Climate Change and Human Rights


[7] Given this warning, it should come as no surprise that some poor and vulnerable communities around the world are beginning to argue that climate change is resulting in violations of their human rights. In December 2005 over sixty Inuit Indians who live in arctic regions of the United States and Canada submitted a petition to the Inter-American Commission on Human Rights. Faced with a rate of warming that is almost twice the pace experienced elsewhere on the planet, the petitioners requested relief “from human rights violations resulting from the impacts of global warming and climate change caused by acts and omissions of the United States.”[10]

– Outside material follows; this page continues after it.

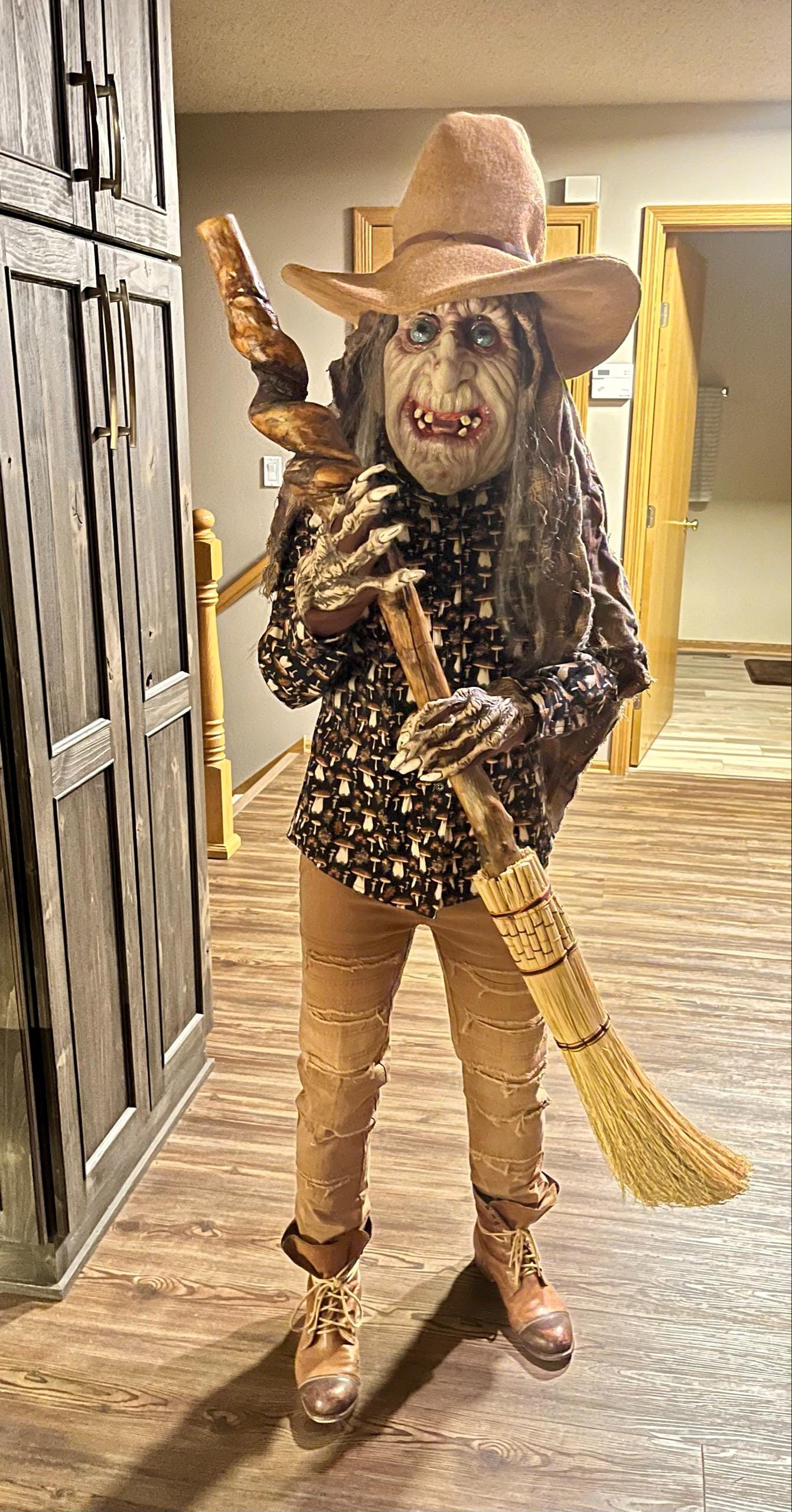 This witch hat is made of dark brown felt, (vegan friendly) it offers a wizarding dark look with a ruched curled cone perfect for either a dressed up or down witch look. Its wide sloped brim has layers of magic stitched together and wired for a ridgid looking brim and soft feel from the cone. It has a thin strip of leather that crosses in the back offering a natural strong, powerful woodland look. It would be great for a wizard or mage cosplay, ren faire costume or everyday wear! This hat screams for a powerful wearer, no frills here, it's all business. The possibilities are only limited by your imagination!
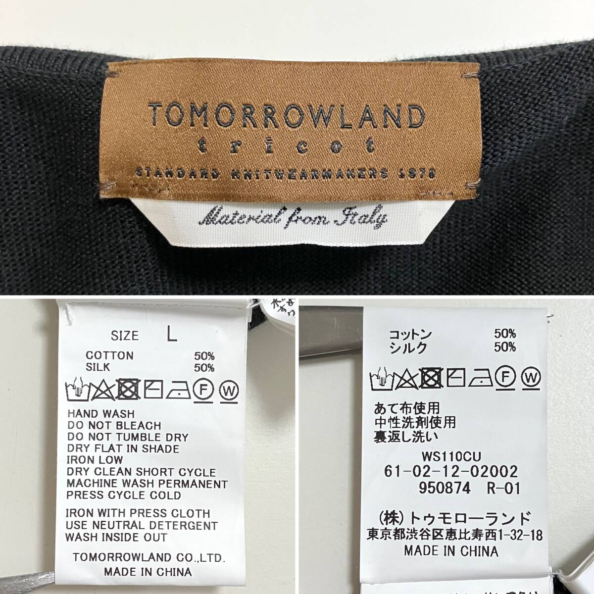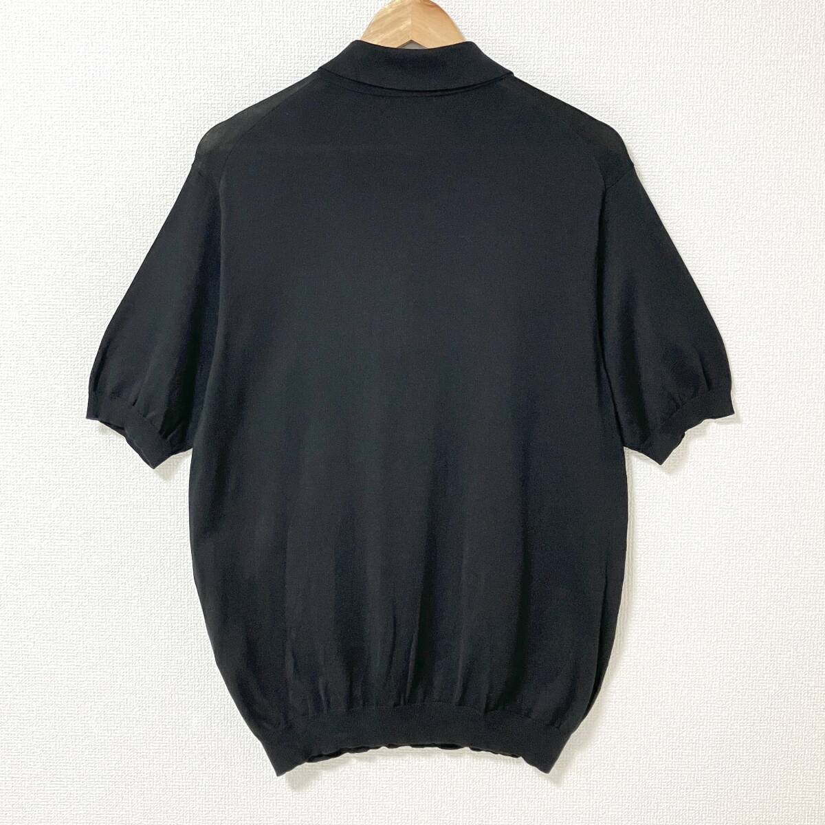 TOMORROWLAND tricot コットン×シルク 混紡 ニット 半袖 ポロシャツ ブラック 黒 Lサイズ トゥモローランド カットソー セーター 5080311

[8] This consultation has been convened to celebrate the 60th anniversary of the United Nations Universal Declaration of Human Rights in 1948.[11] Drafted originally to protect human dignity after the ravages of World War II, there are several articles in the Universal Declaration which can be applied directly to perils posed by global climate change. Excerpted below are articles in the Declaration which are most clearly relevant:



Article 3

Everyone has the right to life, liberty and security of person.


Article 7

All are equal before the law and are entitled without any discrimination to equal protection of the law. All are entitled to equal protection against any discrimination in violation of this Declaration and against any incitement to such discrimination.


Article 12

No one shall be subjected to arbitrary interference with his privacy, family, home or correspondence…. Everyone has the right to the protection of the law against such interference or attacks.


Article 17

Everyone has the right to own property alone as well as in association with others. No one shall be arbitrarily deprived of his property.


Article 22

Everyone, as a member of society, has the right to social security and is entitled to realization, through national effort and international co-operation and in accordance with the organization and resources of each State, of the economic, social and cultural rights indispensable for his dignity and the free development of his personality.


Article 25

Everyone has the right to a standard of living adequate for the health and well-being of himself and of his family, including food, clothing, housing and medical care and necessary social services, and the right to security in the event of unemployment, sickness, disability, widowhood, old age or other lack of livelihood in circumstances beyond his control.


Article 28

Everyone is entitled to a social and international order in which the rights and freedoms set forth in this Declaration can be fully realized.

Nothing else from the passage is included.